To date, substantially all of our sales to international customers and purchases of components from international suppliers have been denominated in U.S. dollars. As a result, an increase in the value of the U.S. dollar relative to foreign currencies could make our products more expensive for our international customers to purchase, thus rendering our products less competitive. Similarly, a decrease in the value of the U.S. dollar could reduce our buying power with respect to international suppliers.

Our research and development efforts are focused on a limited number of new technologies and products, and any delay in the development, or abandonment, of these technologies or products by industry participants, or their failure to achieve market acceptance, could compromise our competitive position

Our products serve as components and solutions in electronic devices in various markets. As a result, we have devoted and expect to continue to devote a large amount of resources to develop products based on new and emerging technologies and standards that will be commercially introduced in the future.

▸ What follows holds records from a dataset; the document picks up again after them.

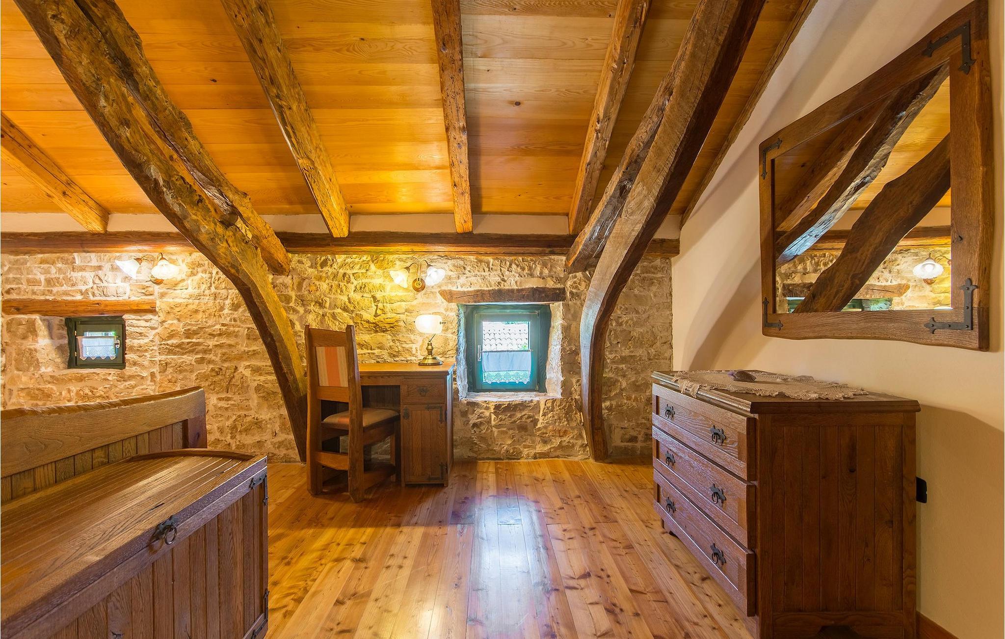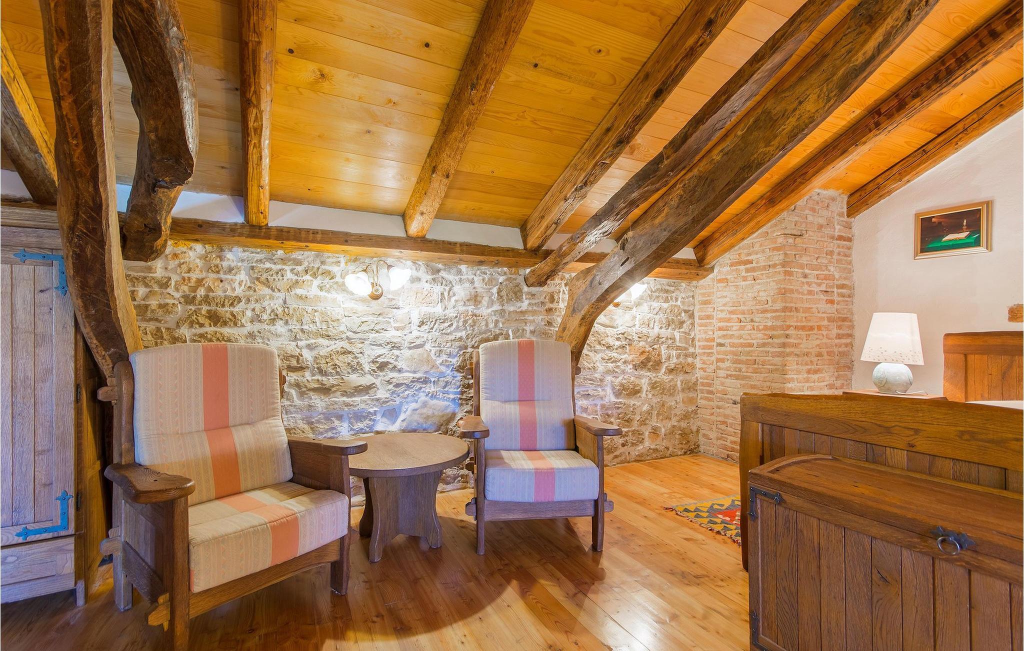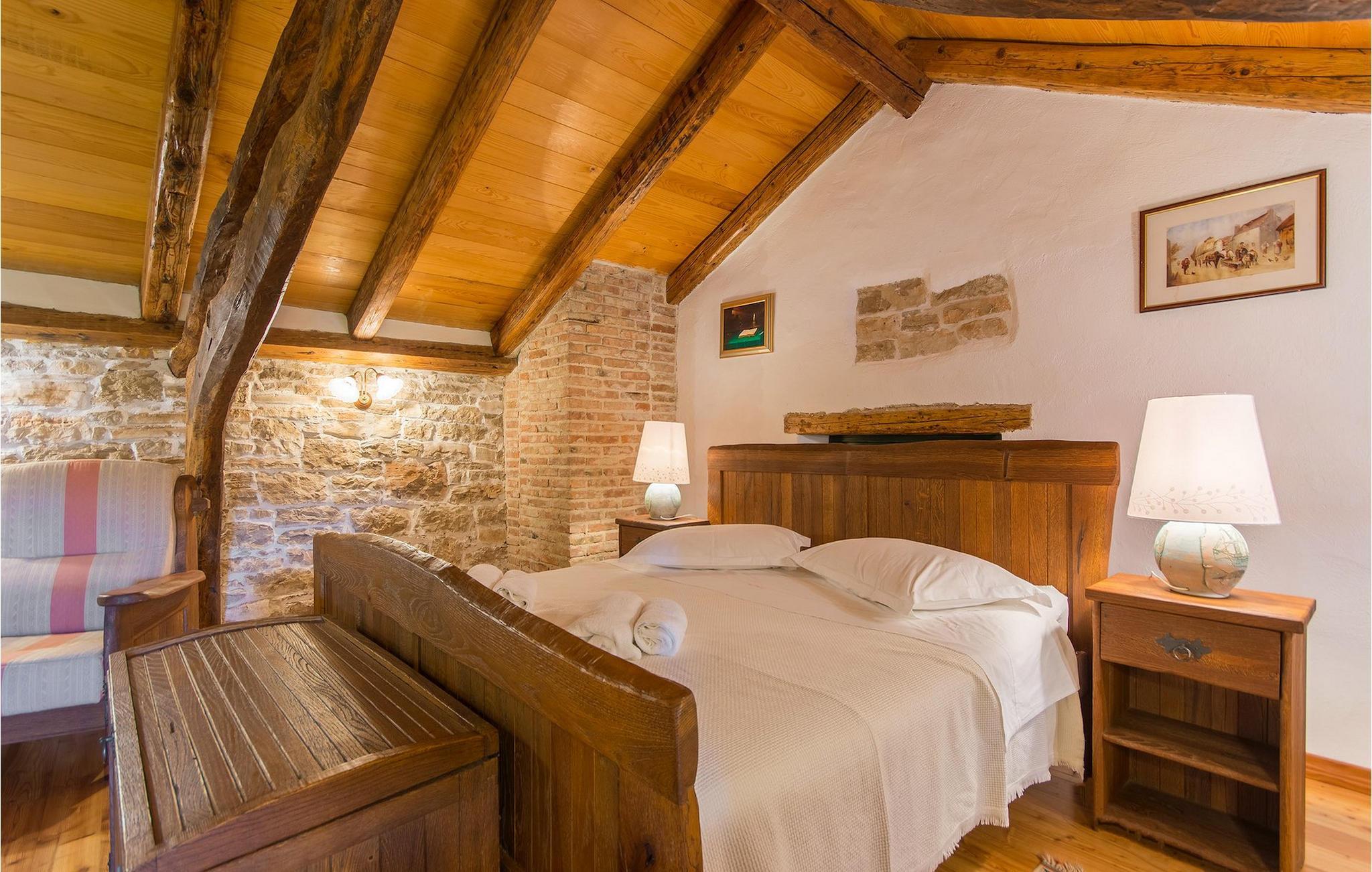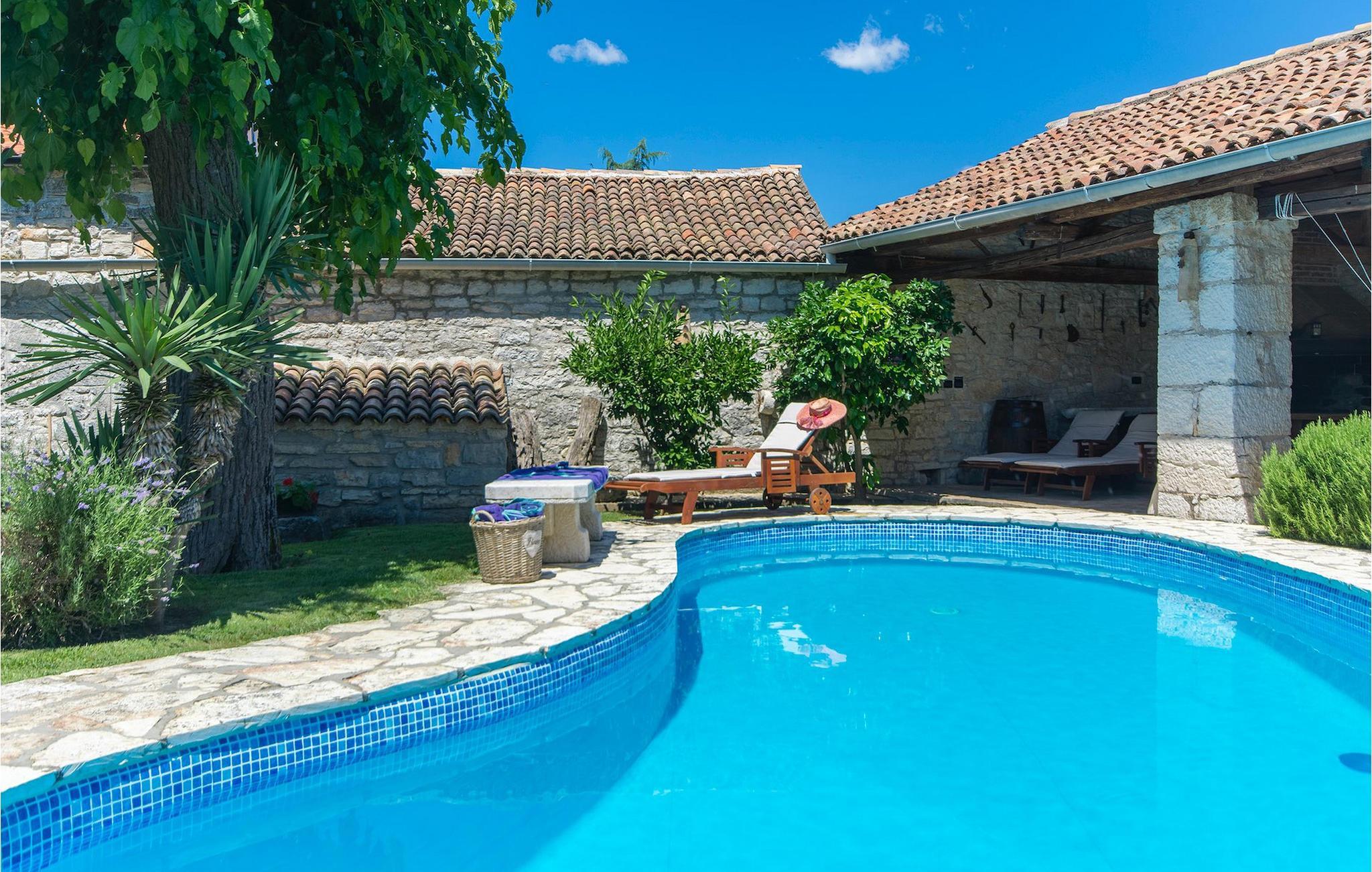 Det fortelles at sjørøverkapteinen Sir Henry Morgan på 1600-tallet plyndret Karibia, og på flukt fra loven seilte han så langt som til Lim Bay og landsbyen Mrgani, der han gjemte skatten sin. Den over hundre år gamle, ombygde villaen bærer fortsatt preg av den gamle kapteinen med sine steinvegger, bevisst avskallet murstein og puss på innerveggene, eikebjelker og antikk innredning og møbler. Kanskje er historien om kaptein Morgan og skatten hans bare et eventyr, men ferien du drømmer om kan bli virkelighet når du bestiller Villa Capt Morgan. I villaens første etasje er det en romslig stue med peis, kjøkken og spisestue i åpen planløsning. I første etasje er det et soverom med dobbeltseng og eget bad. Første etasje er delt i to deler, hver med separate trapper. Den venstre delen inneholder to soverom, ett med enkeltseng og ett med dobbeltseng, begge med eget bad. I den høyre delen av øverste etasje er det et stort hovedsoverom kalt "Captain's Room", som har eget bad med boblebad. På utsiden av villaen er det en stor uteplass med svømmebasseng og mye middelhavsgrønt. I hagen vokser det også et hundre år gammelt morbærtre som gir behagelig skygge på varme sommerdager. Hvis du reiser med barn, vil du sette stor pris på denne gårdsplassen, som byr på rikelig med plass til ubekymret lek. For ekstra moro har villaen bordtennis, bordfotball, basketballkurv og dart. På gårdsplassen er det også en stor, overbygd spiseplass med en stor peis der du kan tilberede et herlig familiemåltid og nyte det sammen. Her kan du virkelig slappe av og nyte freden og roen du drømmer om. Gjør drømmene til virkelighet ved å bestille Villa Capt Morgan med en gang, og unn deg selv den ferien du fortjener.Mrgani er en liten, rolig landsby over det istriske geologiske området Limkanalen, bare noen få kilometer fra kystbyen Rovinj. Dette fredelige og avslappende området er omgitt av grønne jorder og skoger, langt unna de store turistsentrene, men likevel nært nok hvis du vil utforske. Rovinj ligger bare 30 minutter unna med bil, og du vil nyte hvert minutt av kjøreturen gjennom det pittoreske, kuperte landskapet. Når du nærmer deg Rovinj, vil du umiddelbart bli fortryllet av byens skjønnhet, spesielt i solnedgangen, når du kan se fargerike hus på en kupert halvøy omgitt av varme farger fra den solkyssede sommerhimmelen og det krystallblå havet. Rovinj er en virkelig romantisk by. Ta en spasertur gjennom de smale steingatene som slynger seg sakte oppover til toppen av åsen der den gamle Eufemia-kirken fra 900-tallet ligger. Kirkeplatået byr på en vakker utsikt. Hvis du klatrer opp til toppen av kirketårnet, har du fri utsikt over hele byen og området rundt. I Rovinj finner du mange flotte restauranter og bistroer som vil tilfredsstille enhver gastronomisk entusiast. Istrien er godt forbundet med landeveier, slik at du enkelt kan utforske området. Planlegg dagsturer til kyst- og innlandsbyer som Pula, Groznjan, Motovun, Vodnjan, Porec og Novigrad, og benytt anledningen til å besøke Birjuni nasjonalpark med båt.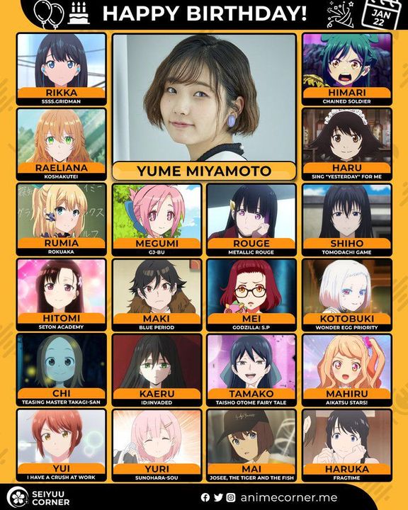 🥳 Сегодня день рождения у сэйю Юме Миямото🔻 Ей исполнилось 28 лет! 🎉#Деньрождения #22января #ЮмеМиямото10expand_more14expand_less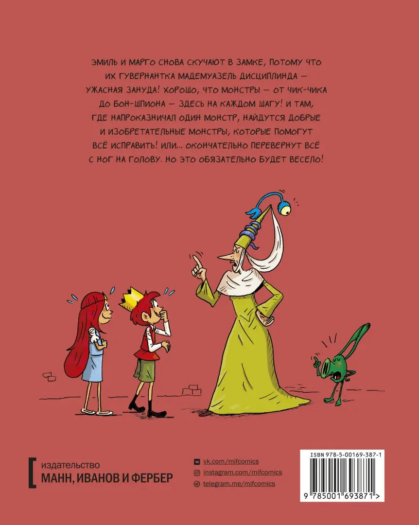 В лесу вокруг замка Эмиля и Марго живёт целая орава монстриков, от ужасного Головокружа до милейшего Амурчика, — и они тут как тут даже в самой безвыходной ситуации. Выручат с контрольной по географии, даже если для этого нужно перенести горы, помогут присмотреть за беспокойной малышкой, запрут в сарае кошмарную мадам Вамзадам...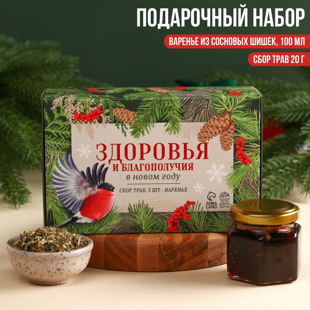 Отзывы «Набор подарочный«Здоровья и благополучия»: сбор трав 3 шт. х 20 г варенье из сосновых шишек 100 мл.»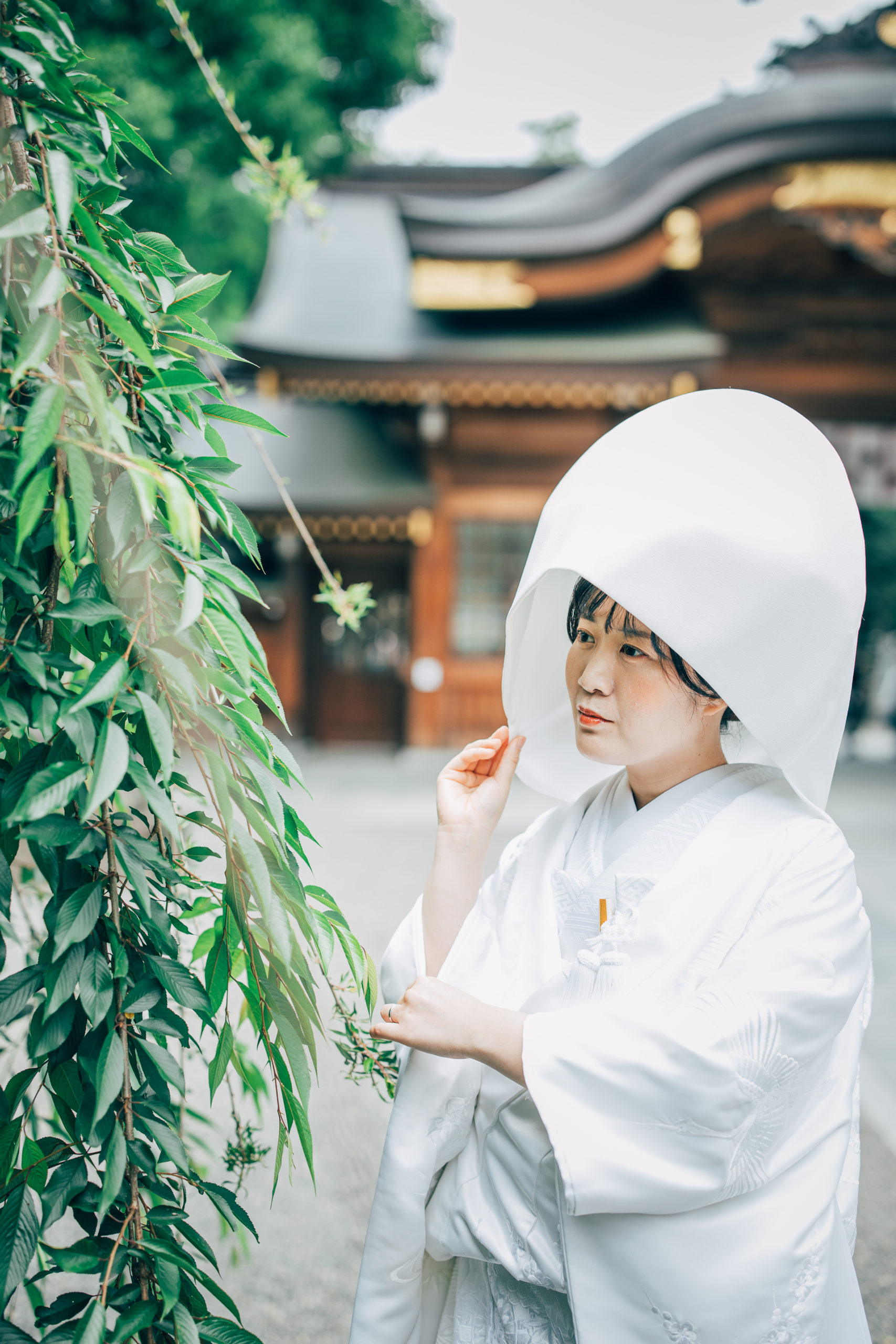 色打掛の華やかさと、緑の深さが美しく調和しています。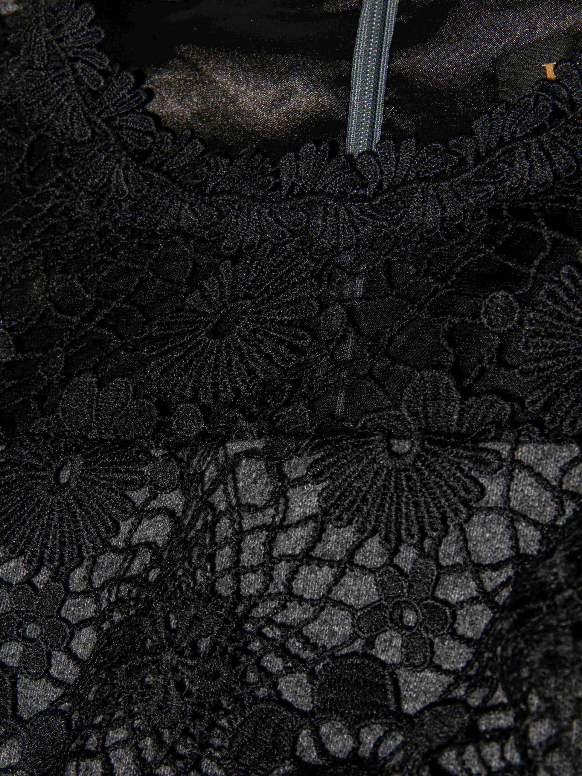 Details: Black floral lace overlay on the bodice with a scalloped hem that softly overlaps the skirt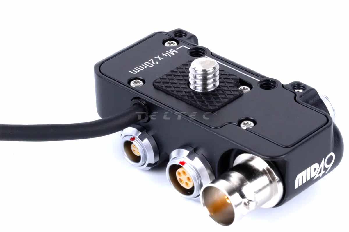 Die MID49 M49-BOB-EB1 EXT Breakout EB-1 (RED Komodo, Komodo-X, V-Raptor) wandelt den 9-poligen 0B LEMO-kompatiblen EXT-Anschluss der Kamera in Industriestandard-Anschlüsse um.

Research and development expense during the six months ended July 2, 2022 was $161.1 million, or 32.4% of revenues. A number of companies are actively involved in the development of these new technologies and standards. Should any of these companies delay or abandon their efforts to develop commercially available products based on new technologies and standards, our research and development efforts with respect to these technologies and standards likely would have no appreciable value. In addition, if we do not correctly anticipate new technologies and standards, or if the products that we develop based on these new technologies and standards fail to achieve market acceptance, our competitors may be better able to address market demand than we would. Furthermore, if markets for these new technologies and standards develop later than we anticipate, or do not develop at all, demand for our products that are currently in development would suffer, resulting in lower sales of these products than we currently anticipate.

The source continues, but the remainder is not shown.